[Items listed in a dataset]
↓↓↓
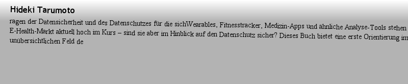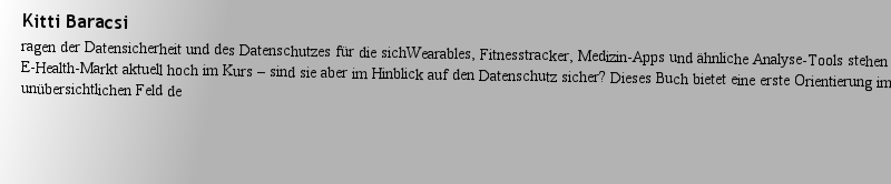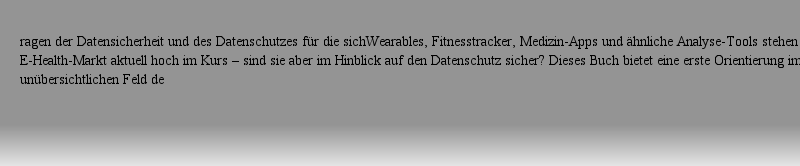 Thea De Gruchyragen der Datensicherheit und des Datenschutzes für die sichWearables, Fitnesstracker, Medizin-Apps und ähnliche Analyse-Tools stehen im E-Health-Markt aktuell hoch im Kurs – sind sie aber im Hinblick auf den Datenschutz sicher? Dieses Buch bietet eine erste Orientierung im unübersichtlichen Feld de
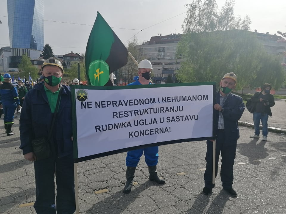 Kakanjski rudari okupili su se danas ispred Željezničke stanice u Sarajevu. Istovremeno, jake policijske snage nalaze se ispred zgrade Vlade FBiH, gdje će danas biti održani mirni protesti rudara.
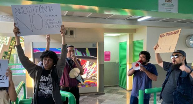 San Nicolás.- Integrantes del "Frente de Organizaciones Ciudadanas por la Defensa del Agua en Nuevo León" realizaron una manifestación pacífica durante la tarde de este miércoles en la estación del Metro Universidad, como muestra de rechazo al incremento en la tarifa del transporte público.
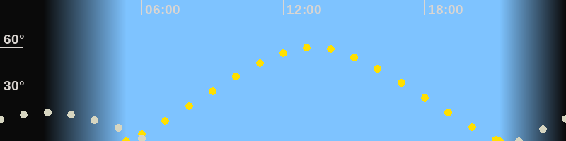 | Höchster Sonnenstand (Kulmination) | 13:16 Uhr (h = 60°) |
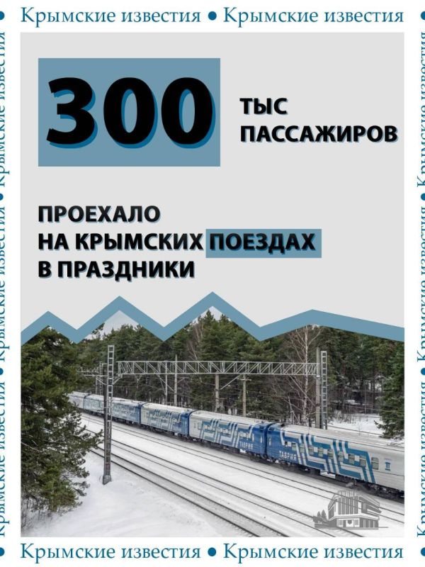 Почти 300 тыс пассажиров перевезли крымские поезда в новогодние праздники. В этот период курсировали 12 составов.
↑↑↑
▶ _THE TASK_
Output the records above exactly as they are, leaving out the pictures.

▶ _ANSWER TO THE PROBLEM_
 Thea De Gruchyragen der Datensicherheit und des Datenschutzes für die sichWearables, Fitnesstracker, Medizin-Apps und ähnliche Analyse-Tools stehen im E-Health-Markt aktuell hoch im Kurs – sind sie aber im Hinblick auf den Datenschutz sicher? Dieses Buch bietet eine erste Orientierung im unübersichtlichen Feld de
 Kakanjski rudari okupili su se danas ispred Željezničke stanice u Sarajevu. Istovremeno, jake policijske snage nalaze se ispred zgrade Vlade FBiH, gdje će danas biti održani mirni protesti rudara.
 San Nicolás.- Integrantes del "Frente de Organizaciones Ciudadanas por la Defensa del Agua en Nuevo León" realizaron una manifestación pacífica durante la tarde de este miércoles en la estación del Metro Universidad, como muestra de rechazo al incremento en la tarifa del transporte público.
 | Höchster Sonnenstand (Kulmination) | 13:16 Uhr (h = 60°) |
 Почти 300 тыс пассажиров перевезли крымские поезда в новогодние праздники. В этот период курсировали 12 составов.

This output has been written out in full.